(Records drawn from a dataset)
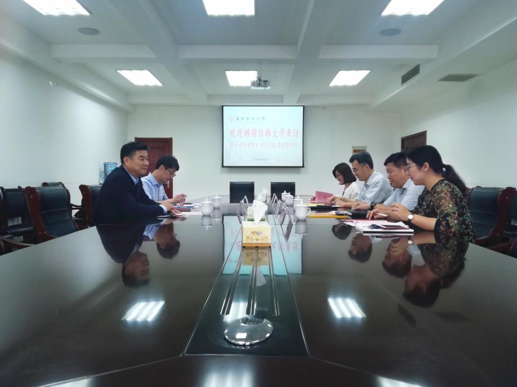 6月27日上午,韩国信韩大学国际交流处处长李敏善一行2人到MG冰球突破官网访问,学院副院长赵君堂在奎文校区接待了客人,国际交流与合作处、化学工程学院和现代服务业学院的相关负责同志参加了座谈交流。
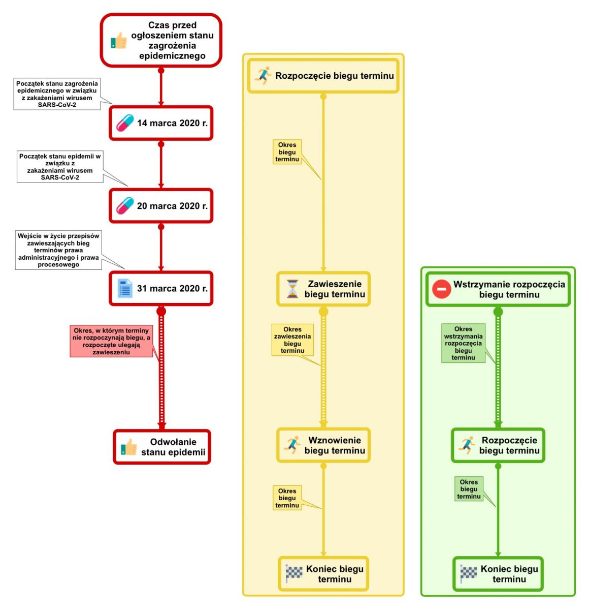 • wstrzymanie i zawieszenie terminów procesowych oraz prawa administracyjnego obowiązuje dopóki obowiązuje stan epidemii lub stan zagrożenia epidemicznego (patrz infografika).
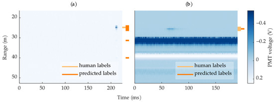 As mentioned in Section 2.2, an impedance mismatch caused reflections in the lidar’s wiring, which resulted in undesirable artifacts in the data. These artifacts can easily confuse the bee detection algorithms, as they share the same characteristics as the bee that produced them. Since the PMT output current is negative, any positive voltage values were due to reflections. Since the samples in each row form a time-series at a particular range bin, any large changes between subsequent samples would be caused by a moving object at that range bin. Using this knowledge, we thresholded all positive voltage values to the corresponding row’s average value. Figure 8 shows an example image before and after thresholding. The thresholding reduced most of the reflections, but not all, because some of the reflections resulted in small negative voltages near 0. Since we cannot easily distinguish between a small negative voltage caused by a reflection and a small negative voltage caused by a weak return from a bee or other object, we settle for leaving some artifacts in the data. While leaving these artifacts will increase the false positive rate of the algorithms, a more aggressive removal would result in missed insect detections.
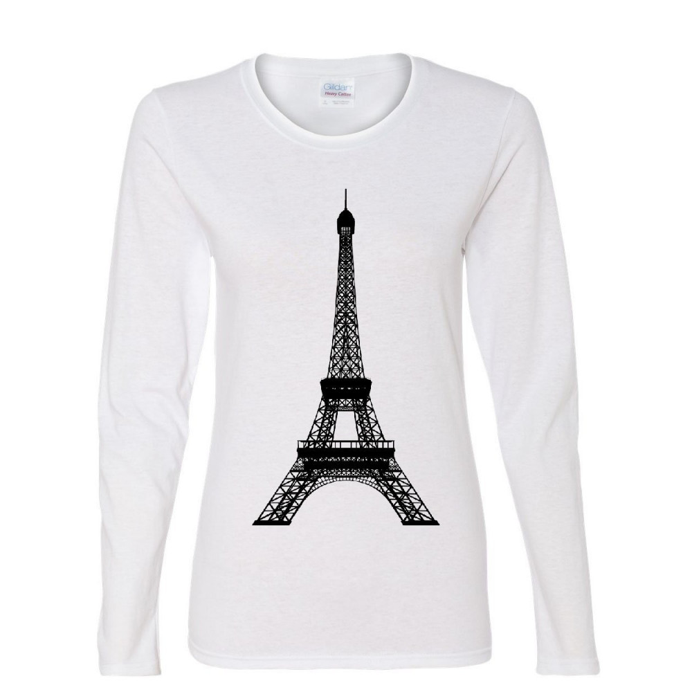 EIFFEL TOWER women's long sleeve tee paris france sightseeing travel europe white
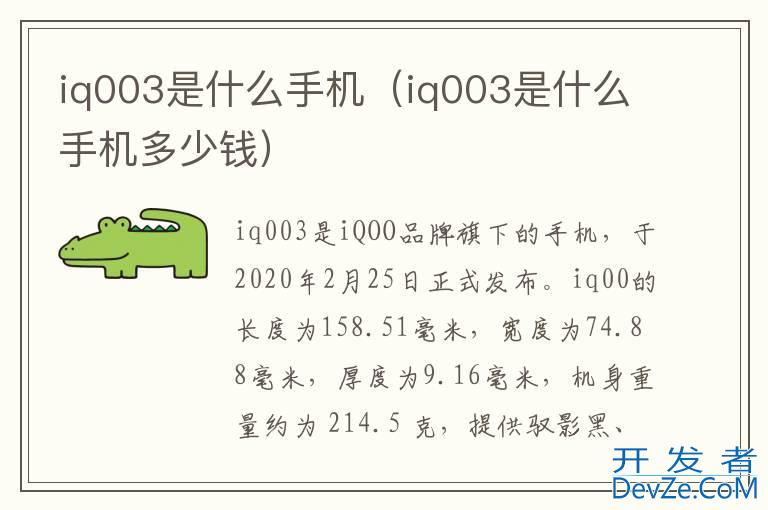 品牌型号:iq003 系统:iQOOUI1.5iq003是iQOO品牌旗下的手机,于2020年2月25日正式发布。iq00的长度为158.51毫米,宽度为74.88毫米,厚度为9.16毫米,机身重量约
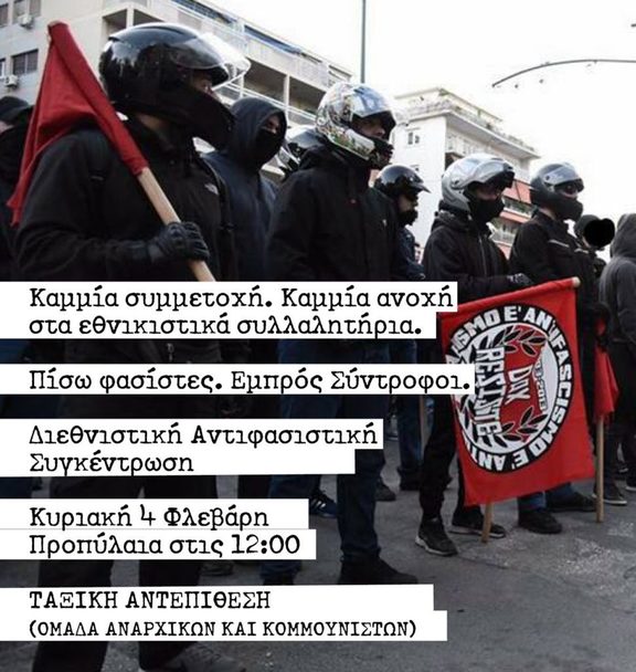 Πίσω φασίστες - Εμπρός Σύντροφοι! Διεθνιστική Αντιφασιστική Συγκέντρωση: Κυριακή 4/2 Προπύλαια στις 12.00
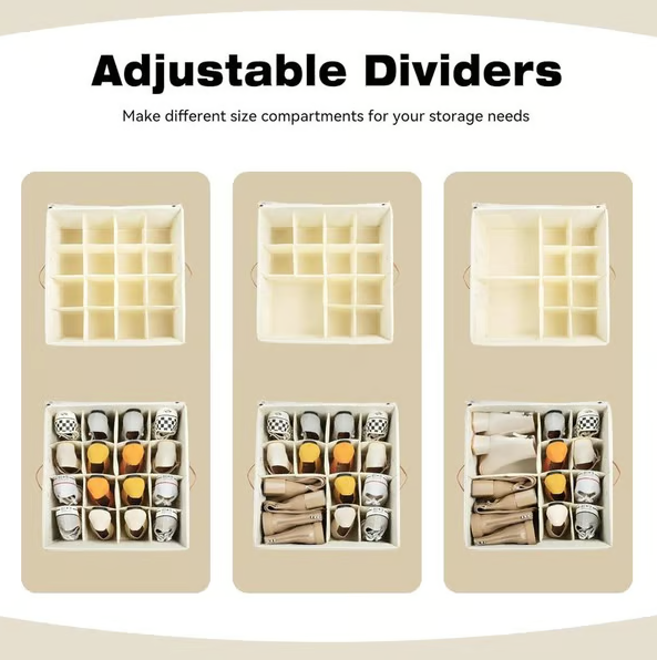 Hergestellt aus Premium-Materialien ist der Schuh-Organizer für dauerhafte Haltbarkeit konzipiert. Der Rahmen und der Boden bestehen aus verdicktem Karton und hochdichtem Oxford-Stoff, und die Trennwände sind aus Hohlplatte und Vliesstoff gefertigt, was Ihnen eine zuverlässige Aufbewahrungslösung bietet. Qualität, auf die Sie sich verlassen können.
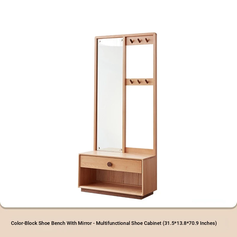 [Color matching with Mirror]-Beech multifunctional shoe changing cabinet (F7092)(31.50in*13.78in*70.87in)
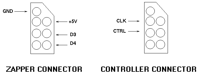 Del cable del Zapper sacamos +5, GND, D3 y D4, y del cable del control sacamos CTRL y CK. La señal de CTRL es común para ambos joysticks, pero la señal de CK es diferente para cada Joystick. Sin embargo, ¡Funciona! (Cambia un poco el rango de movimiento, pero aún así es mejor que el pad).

→ **Exercise brief**
Would you reproduce the lines above, from the very first through the line containing "epidemicznego (patrz infografika).", exactly and without the pictures?

→ **Solution to this task**
 6月27日上午,韩国信韩大学国际交流处处长李敏善一行2人到MG冰球突破官网访问,学院副院长赵君堂在奎文校区接待了客人,国际交流与合作处、化学工程学院和现代服务业学院的相关负责同志参加了座谈交流。
 • wstrzymanie i zawieszenie terminów procesowych oraz prawa administracyjnego obowiązuje dopóki obowiązuje stan epidemii lub stan zagrożenia epidemicznego (patrz infografika).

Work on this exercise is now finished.